Следует учесть — у эстонского народа, у эстонской интеллигенции не было заметного антисемитизма: во-первых, и евреев-то в Эстонии было незначительное количество, даже до фашистской оккупации, а во-вторых, официальная московская политика огульно воспринималась негативно, тем более когда она касалась национальных ущемлений. Я слышал рассуждение тартуского аборигена о том, что и эстонцы, и евреи — малые нации, поэтому, дескать, их легко прижимать в большой стране: получалось, что эти нации — братья по несчастью! А когда почтенный эстонский ученый мог в университетских коридорах открыто ворчать, что кафедра русской литературы сплошь еврейская и что Егоров — а я тогда заведовал кафедрой — тоже еврей (уверял, что ходил в отдел кадров и видел мою анкету!), то это был, наверное, не столько голос народа, сколько тяжкая служба, выполнение задания неких секретных «органов».
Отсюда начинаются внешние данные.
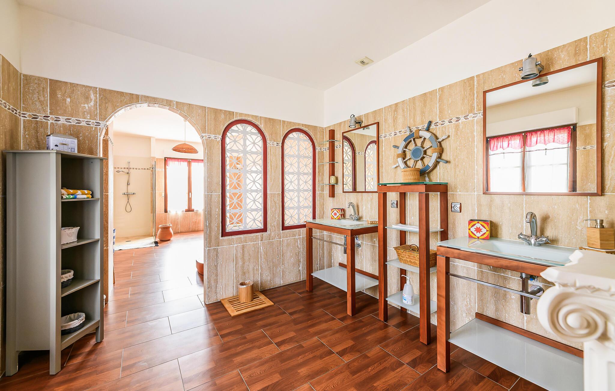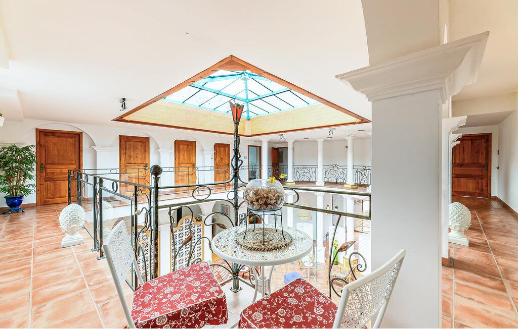 Dette imponerende herresæde inviterer jer til en uforglemmelig ferie i elegante og rummelige omgivelser. Det lysfyldte atrium, der strækker sig over to etager, den rislende fontæne og de åbne rum skaber en luksuriøs og samtidig afslappet atmosfære. Lad jer begejstre af den stilfulde indretning, den store pejs og det indbydende køkken.
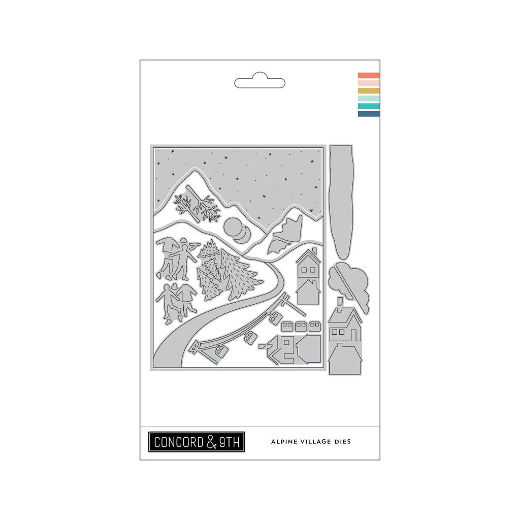 Creating charming mountain towns with the Alpine Village Dies! First you'll take the large die through your machine in a variety of colors and then piece them back together to create the background. Be sure start at the bottom right corner of the card so that everything will align properly. Once the base is ready, add trees, houses, a pond, ice skaters and more! Coordinates with the Alpine Village Stamp Set.

В условиях общесоюзных и общероссийских пульсирующих накатов и откатов то почти откровенного расизма, то, чаще, лицемерных лозунгов о дружбе и равенстве народов, за которыми скрывались те же фашистские настроения, очень трудно было сохранить нормальное отношение к национальным проблемам. В семье Лотманов я, наряду с другими достоинствами супругов, радостно оценил их спокойную естественность в еврейском вопросе. До тех пор мне приходилось встречать лишь напряженные крайности (или сильный национализм, или нервозное, запрещающее отношение к любым разговорам на эти темы). Лотмановская семья была первой, где мне не надо было думать о табу, где можно было свободно обсуждать щекотливые национальные проблемы и не бояться рассказывать анекдоты. Юрмих и сам мог рассказывать еврейские анекдоты или при случае употреблять поговорки вроде «За компанию жид удавился». Зара могла без колебаний назвать меня жидом, когда я в сложном книжном обмене надул Лотманов. Это была внутренняя свобода, может быть, даже несколько нарочитое отбрасывание табу. А главное, еще раз подчеркну, Лотманы ощущали себя русскими интеллигентами. В период перестройки, во время создания независимой Эстонии, когда усиленно обсуждались национальные проблемы, Юрмих в одной статье обмолвился: «Я как русский человек» — он именно таковым и ощущал себя. Отсюда, наверное, и внутренняя свобода.
Творческий дух и человечность вообще стирают границы и сближают народы. На кафедрах русской литературы и семиотики Тартуского университета совместно трудятся и русские, и эстонцы, и евреи. Память о Юрмихе и Заре усиливает сближение и творческую силу. Хочется пожелать, чтобы это продолжалось и далее. Пока жизнь и деятельность тартуских гуманитариев, несмотря на все современные трудности, в этом смысле обнадеживает.